Briareus
BRIAREUS, or Aegaeon, in Greek mythology, one of the three hundred-armed, fifty-headed Hecatoncheires, brother of Cottus and Gyges (or Gyes). According to Homer (Iliad i. 403) he was called Aegaeon by men, and Briareus by the gods. He was the son of Poseidon (or Uranus) and Gaea. The legends regarding him and his brothers are various and somewhat contradictory. According to the most widely spread myth, Briareus and his brothers were called by Zeus to his assistance when the Titans were making war upon Olympus. The gigantic enemies were defeated and consigned to Tartarus, at the gates of which the three brothers were placed (Hesiod, Theog. 624, 639, 714).
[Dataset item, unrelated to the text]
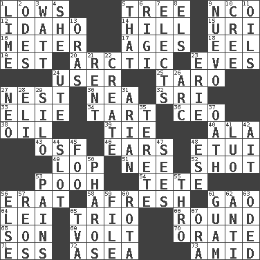 ACROSS 1. Coldest temperatures 5. Family _ (genealogy) 9. Non-commissioned officer (abbr.) 12. Potato state 14. Land elevation 15. RI univ. 16. Distance measurement 17. Matures 18. Snakelike fish 19. Eastern Standard Time (abbr.) 20. Northern region 23. Nights before holidays 24. One who makes use of a thing 25. Edible starchy tuberous root 27. A home for chicks 30. Teachers' org. 32. _ Lanka 33. Writer Wiesel 34. Small pie 36. Corporate head (abbr.) 38. Petroleum 39. Neckwear 40. Insect wing 43. Order of Saint Francis (abbr.) 46. Hearing organs 48. Needle holder 49. Chop off 51. Born 52. Guess 53. "Silly old bear" 54. False hair 56. Part of Q.E.F. 58. Anew 61. E Mali city 64. Flowery wreath 65. Musical group of three 66. Having a circular shape 68. Male offspring 69. Electrical Unit 70. Declaim 71. Double-curved letter 72. Toward the sea 73. Among DOWN 1. Welles in "The Third Man" 2. Lyric poems 3. Electrical Unit 4. A female animal or person 5. Not this but _ 6. Swiss mountan, "Queen of the Mountains" 7. Opts 8. Raised railways 9. New (sp.) 10. Algonquian 11. Lubricates 13. Mouths or openings 21. Monthly bill 22. Cause to be 23. 4th largest of the Great Lakes 24. Shoshoni 26. Curve 27. Modern: prefix 28. Connecticut Ivy Leaguer 29. Grain storage tower 31. Believer in; advocate of (suffix) 35. Cylindrical with tapered ends 37. Pledge 41. Nilotic language 42. Small island 44. Narrow opening 45. Egg _ yung 47. Observes 48. Compass dir. 50. N Egypt peninsula 53. Aches 55. Through, poetically 56. Otherwise 57. Vintage cars 59. Do some clerical work 60. Roll call or roster of names 61. Island territory of the United States 62. Against 63. Wrote a lyric poem 65. Federal power corp. 67. Mouth or opening

Other accounts make Briareus one of the assailants of Olympus, who, after his defeat, was buried under Mount Aetna (Callimachus, Hymn to Delos, 141). Homer mentions him as assisting Zeus when the other Olympian deities were plotting against the king of gods and men (Iliad i. 398). Another tradition makes him a giant of the sea, ruler of the fabulous Aegaea in Euboea, an enemy of Poseidon and the inventor of warships (Schol. on Apoll. Rhod. i. 1165). It would be difficult to determine exactly what natural phenomena are symbolized by the Hecatoncheires. They may represent the gigantic forces of nature which appear in earthquakes and other convulsions, or the multitudinous motion of the sea waves (Mayer, Die Giganten und Titanen, 1887).
Note - this article incorporates content from Encyclopaedia Britannica, Eleventh Edition, (1910-1911)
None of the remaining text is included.